I've found them in the past and have some spots to check but nothing yet. We haven't had rain in over two weeks now so our banner mushroom season has been fizzling very fast.


----------



## Captain of the 4-C's (Sep 11, 2003)

Found some a few days ago in Kalkaska County. They got bleached by the sunshine but nary a bug to be found on the 8 I grabbed. One attached to an adjacent pine touching the old oak stump I left for bug food. I was gonna post and ask about them - but two in the shade were "normal" colored.
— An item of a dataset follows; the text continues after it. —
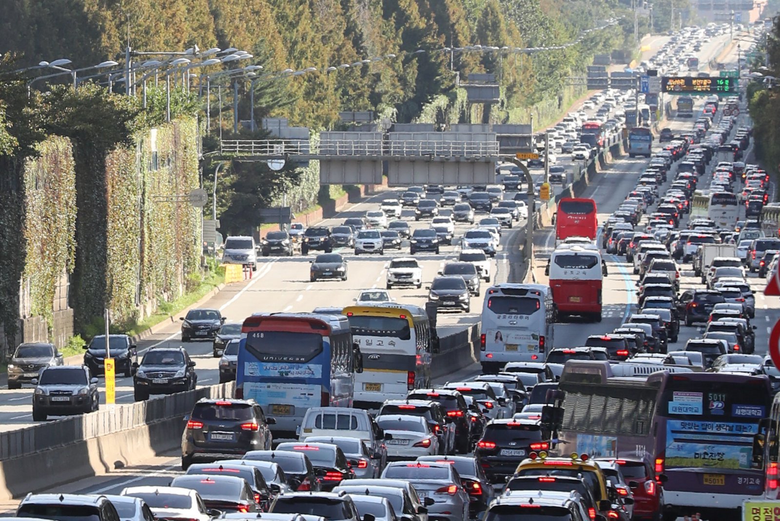 추석인 6일 성묘 등으로 연휴 기간 중 가장 많은 차량이 고속도로를 이용할 것으로 보인다. 오후부터는 귀경 차량으로 서울 방향 도로가 혼잡할 전망이다.한국도로공사는 이날 전국 667만 대의 차량이 고속도로를 이용할 것으로 예상했다. 서울에서 지방 방향은 같은 날 오후 3시경 정체가 절정에 달하고 오후 11시경 해소되겠다. 서울 방향은 오후 5~6시경 가장 혼잡했다가 이튿날인 7일 새벽 1시경 평소 흐름으로 돌아오겠다.한국도로공사에 따르면 이날 오전 10시 요금소 출발 기준 서울에서 지방까지 예상 소요 시간은 △부산 9시간 20분 △울산 9시간 △강릉 4시간 10분 △양양 3시간 20분(남양주 출발) △대전 3시간 30분 △광주 7시간 40분 △목포 7시간 40분(서서울 출발) △대구 8시간 20분이다.지방에서 서울까지는 △부산 9시간 △울산 8시간 40분 △강릉 5시간 △양양 3시간 20분(남양주 도착) △대전 2시간 30분 △광주 7시간 30분 △목포 7시간 30분(서서울 도착) △대구 8시간 등이 걸릴 것으로 예상된다.이날 오전 8시 기준 경부선 부산 방향 동탄분기점~남사 11㎞, 천안분기점~천안호두휴게소 부근 11㎞에서 느린 흐름을 보이고 있다. 또 영동선 강릉방향 마성터널~양지터널 부근 10㎞에서 정체를 빚고 있다.조혜선 기자 hs87cho@donga.com}
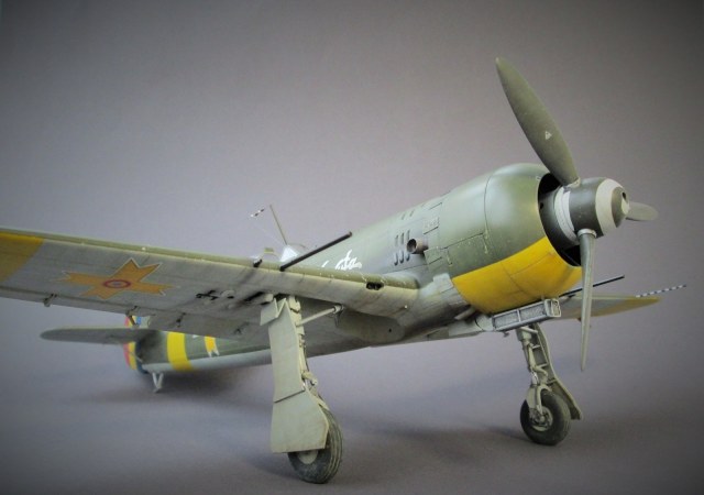 Доделки, переделки. Прорезаны жалюзи охлаждения, на модели весьма условно. Сточены внутренняя часть сдвижной секции фонаря и гаргрот под ним, иначе не становился как нужно. Доработан двигатель ,проводка, патрубки рассверлены , недостающие детали. Кабина, проводка, добавлены детали, травление, ремни, приборка "Яху",прицел доработан, тыльная часть приборной доски с проводкой. Сделал тоньше кромки всех поверхностей управления. Просверлены пистоны на полотняных поверхностях. Триммеры сделаны заново. АНО имитацию выполнил УФ.клеем. Прорезаны углубления в нишах под замки шасси. Сделан механизм фиксации .Зашпаклеваны узлы крепления бомбы, их не было на этой машине. Прорезаны гильзо и звеньесбросы Прорезано отверстие под выход воздуха маслорадиаторов, с имитацией внутренностей. Сделан дренаж и отверcтие под имитацию ручного стартера двигателя. Для крепления капота двигателя к самому двигателю в наборе ничего не предусмотрено. Согласно оригинальной схеме к тех.описанию самолета соорудил соответствующую конструкцию. Для этого сделал шайбу-кондуктор, вставил ее в отверстие носка обтекателя капота, внутри еще одно отверстие под кожух цилиндра ,который одевается на картер двигателя, все должно быть очень точно центрировано. После примерки ,для определения точного выхода цилиндра ,зафиксировал его в нужном положении относительно кондуктора. И приклеил к капоту. Сделал имитацию совка воздухозаборника перед кабиной. Расклепал планер. Часть расшивки восстанавливал, замыленная местами. Стволы заменил на металл. Сделал тоньше кронштейны их навески . Просверлил отверстия в кронштейнах щитков. Каждый пришлось подгонять по месту и увязывать с элеронами и щитками. Доработаны стойки шасси, подточены для нужного стояночного угла, проводка добавлена, сделал тоньше щитки, имитировал штоки цилиндров. Фильтр доработан, имитацией крепления к капоту и тросом управления заслонкой. Натянул антенну, предварительно сделал "колокольчики"(из 12, только 4 выбрал, они прозрачные и очень нехорошо видно пока не покрасишь некоторые огрехи, тянул нагретый прозрачный пластик на зубочистку).Сделал хомуты крепления сдвижной части фонаря и увязал с направляющими. И еще всякие мелочи разные. Не говорю о шпаклевке ,ее пошло не мало .Плюс постоянная подгонка с примеркой всего ко всему.))))))

Even the stalk section was still fairly soft.


----------



## Oldgrandman (Nov 16, 2004)

DanSS26 said:


> Search in Oak dominated forest with downed trees and logs, I've even found them on rotten redish brown logs.



I even found some on cherry. One comes up every year in my yard on one.

But I am just starting to get out with the cold snap and some rain.....more of the rain please!


----------



## Oldgrandman (Nov 16, 2004)

This chicken came out since about 5 days ago, the pic is from yesterday. Noah left his wake today I guess. A couple small ones out around the back too.
No hens or honey's.

Notice the tree though? LOL!


----------